1. Secular Bear Markets can destroy the life savings of buy-and-hold investors.

2.
Secular Bear Markets are very real! This is when, for 10 to 20 years (2000 - 20??), markets will have amazing runs and even more amazing crashes, but the overall trend is downward.

The last secular bear market was from 1966 to 1982, so very few people remember.

From 1982 to 2000 we had the greatest secular bull market in history, and this is the only type of market most investors have ever known. And the bubble was re-inflated one last time as low interest rates encouraged people to borrow and spend beyond their means, and bid up asset prices, in what they believed was going to be a never-ending virtuous cycle of forever rising asset values and wages. What most people ignored was the fact that this entire cycle was financed by immense leverage/debt that now has to be paid back, or written off.
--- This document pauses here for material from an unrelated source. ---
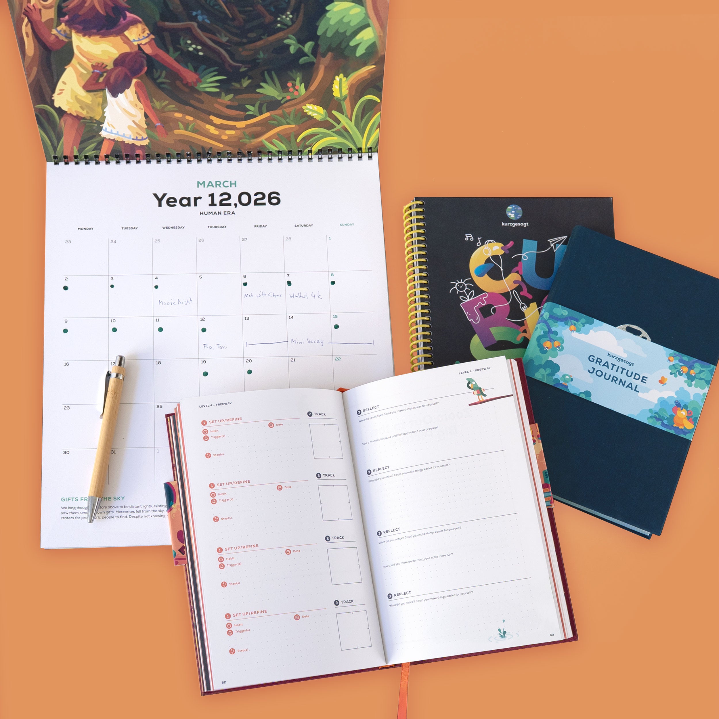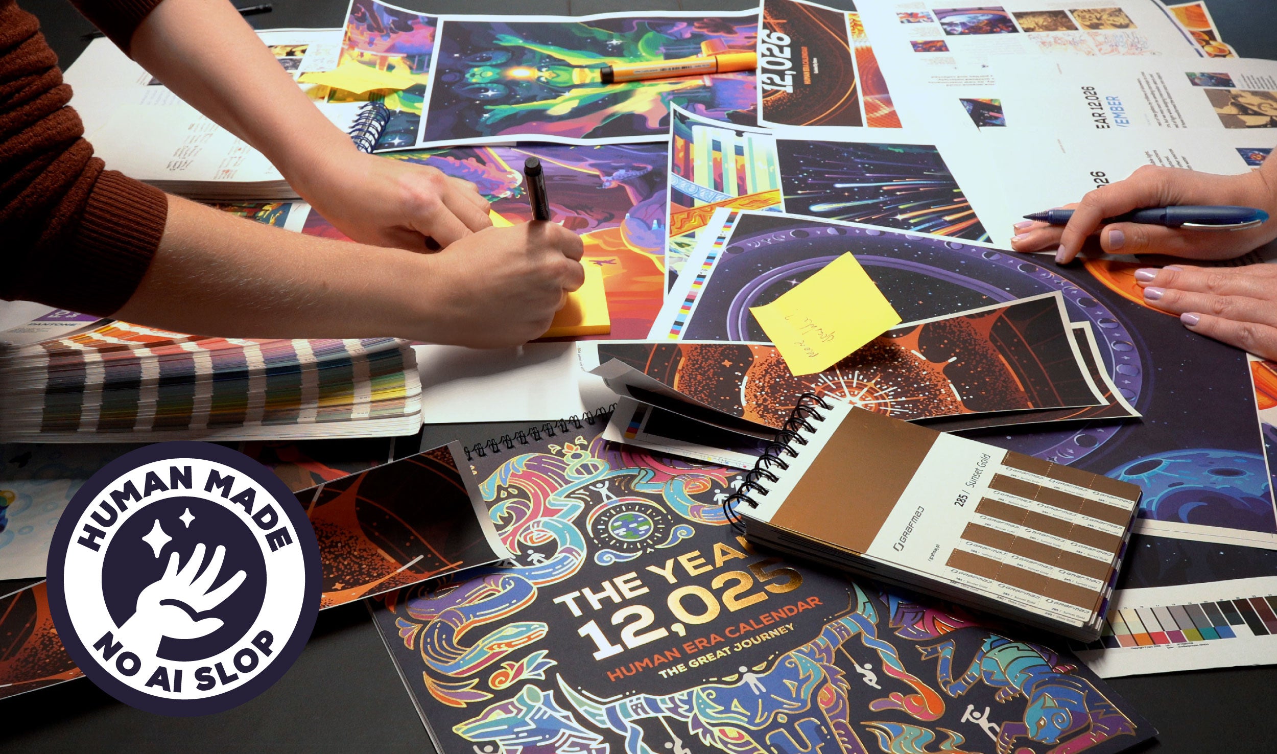 Every page of the Human Era Calendar is researched, written, illustrated, and designed by the real people at kurzgesagt. We don't use AI, just curious minds and careful hands. From first sketch to final print, it's a product of time, love, and incredible human effort.

When one person's bad debts are written off, the other side of this entry must be that somebody else's savings must also get wiped out! This is a deleveraging process, and it has a very deflationary affect on asset prices. But, it takes a long time for asset prices to bottom out, because, those with savings continue to jump in and buy at what they think are incredibly low prices (at least that is what the last 25 years of history have taught them - but 25 years does not a true history make). So, this process will still take at least a few more years to finally play itself out.

We will hit bottom only when the average middle-class investor is fed up with owning these assets (real estate and stocks) and just wants to get rid of them at any price because they have been money losers (as they drop in value) and have had a negative cashflow, for such a long period of time that investors sees no hope of things ever getting better. Before this happens, we will first have to go through the reality that many people will be forced to sell due to job loss (just to make ends meet, for as long as they can).


That is when we will hit bottom. That is the capitulation that we have to wait for to mark the bottom of a secular bear market and the beginning of a new secular bull market. The fact that this seems impossible to believe for most people, is proof positive, as far as I am concerned, that we have not yet hit rock bottom. People have not yet lost hope when it comes to their investments. That will still take a bit more time.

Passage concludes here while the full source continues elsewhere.